2009-11-30 Thread Joseph, Lester

Hi,

Has any one written or come across a stonith plugin for VMware that supports 
Virtual Center?

I have a few nodes which are all VMware virtual machines in a clustered 
environment.
I have painfully searched for a stonith plugin to use with this nodes.

I have been researching the possibility of creating my own using the community 
provided perl scripts that are included in the VMware-vSphere-SDK-for-Perl 
toolkit. The script vmcontrol.pl in this toolkit looks like it can do what we 
want, however, we need to incorporate this in a stonith plugin.

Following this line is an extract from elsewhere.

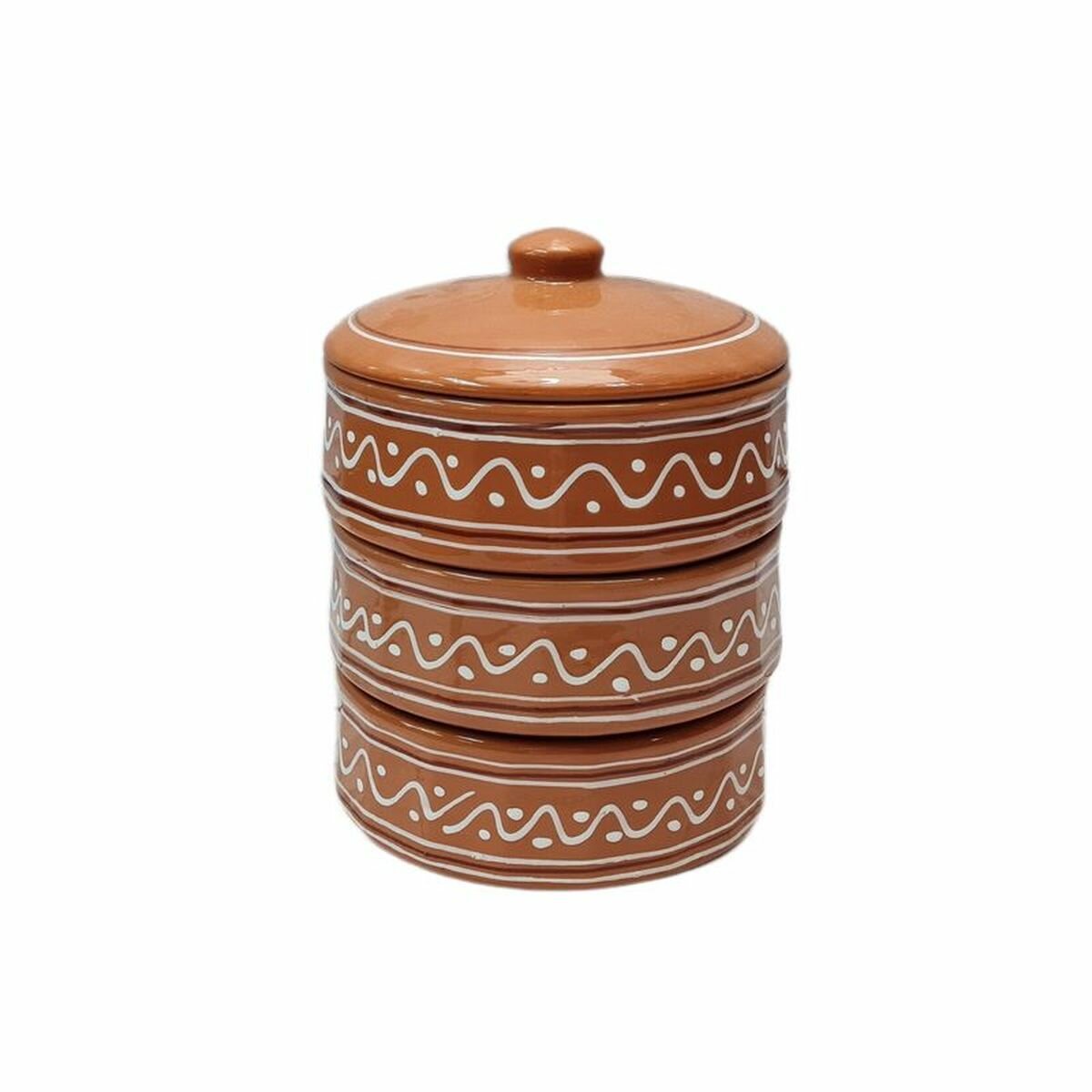 Набор состоит из трех форм и одной крышки. Отлично подходит для приготовления заливного. Формы ставятся одна на одну и в холодильнике не занимают много места. При желании, емкости можно использовать самостоятельно для запекания, а также для сервировки и хранения продуктов. Изделие изготовлено из жаропрочной керамики, его можно использовать в духовке и микроволновой печи.

Operation of the vmcontrol.pl script.

Operation to be performed. One of the following:

  poweron (power on one or more virtual machines),
  poweroff (power off one  or more virtual machines),
  suspend (suspend one or more virtual machines),
  reboot (reboot one or more guests),
  reset (reset one or more virtual machines),
  shutdown (shutdown one or more guests),
  standby (set to standby mode one or guests).


Can anyone advise?

Kind Regards

Lester Joseph
Linux Systems Administrator
-
-
Gala Coral E-Commerce
Eurobet House
10-24 Church Street West
Woking
Surrey
GU21 6HT

T: +44 (0)1483  766766
M: +44 (0)7867 554267
F: +44 (0)1483 722141
E:  lester.jos...@galacoral.com



This email has been sent from Gala Coral Group Limited (GCG) or a subsidiary 
or associated company. GCG is registered in England with company number 
4639005. Registered office address: 71 Queensway, London W2 4QH, United 
Kingdom; website: www.galacoral.com.

This e-mail message (and any attachments) is confidential and may contain 
privileged and/or proprietorial information protected by legal rules. It is for 
use by the intended addressee only. If you believe you are not the intended 
recipient or that the sender is not authorised to send you the email, please 
return it to the sender (and please copy it to h...@galacoral.com) and then 
delete it from your computer. You should not otherwise copy or disclose its 
contents to anyone.

Except where this email is sent in the usual course of business, the views 
expressed are those of the sender and not necessarily ours. We reserve the 
right to monitor all emails sent to and from our businesses, to protect the 
businesses and to ensure compliance with internal policies.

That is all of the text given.